The pyrolysis technique uses extreme heat and pressure to break down plastic materials into naphtha which is a flammable liquid hydrocarbon mixture fuel. Recycled fuel is processed so that it can be used for electricity generation or other industrial purposes. The South Korean government and major refineries have been developing pyrolysis techniques to efficiently recycle plastic wastes and reduce the emission of carbon dioxide.
Under a compulsory garbage management program, trash generated at homes and stores is sorted by hand before being discharged. Trash is sorted into different categories that are classified based on their base materials such as metal, glass, paper, plastics, polyethylene terephthalate (PET) polymer, and vinyl.
Seoul has mandated the sorting of vinyl waste from plastic waste for efficient recycling in 2020. Those who include recyclable waste in ordinary trash can be slapped with a fine of up to 300,000 won ($228).

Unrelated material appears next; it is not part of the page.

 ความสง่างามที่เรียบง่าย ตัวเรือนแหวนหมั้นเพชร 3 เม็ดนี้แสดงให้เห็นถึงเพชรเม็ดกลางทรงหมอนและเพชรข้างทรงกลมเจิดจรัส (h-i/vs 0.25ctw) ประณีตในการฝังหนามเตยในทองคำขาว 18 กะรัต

However, the separation of plastics and vinyl is not compulsory in some areas and normally, vinyl waste is thrown away along with other ordinary rubbish that is sent to waste incineration plants.

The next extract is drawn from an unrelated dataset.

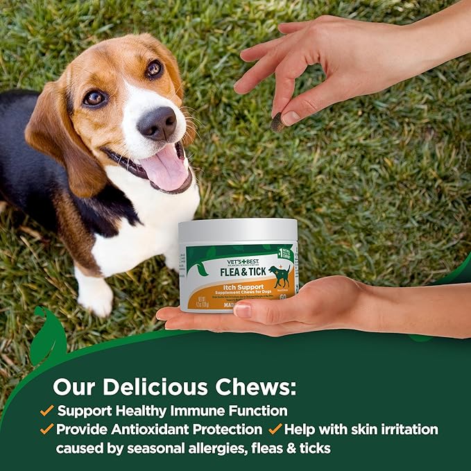 Vet’s Best Flea & Tick Support Soft Chews – Itch Support – Supplement Chews for Dogs – Soothes Skin Irritations Due to Seasonal Allergies, Fleas & Ticks – 60 Chews

Gimhae said that the city started distributing extra rubbish bags to four apartment complexes that house 5,489 families to separately collect plastic and vinyl wastes. The test project will be carried out for three months to raise Gimhae residents' recognition of the separated waste discharge system and encourage citizens to participate in the green project.
Through the pilot program, the southern port city aims to monitor the amount of vinyl and plastic trash discharged as ordinary wastes and set up a plastics garbage retrieval system based on collected data. Gimhae is currently building a government-funded pyrolysis plant for naphtha production that is scheduled to be operable in 2026.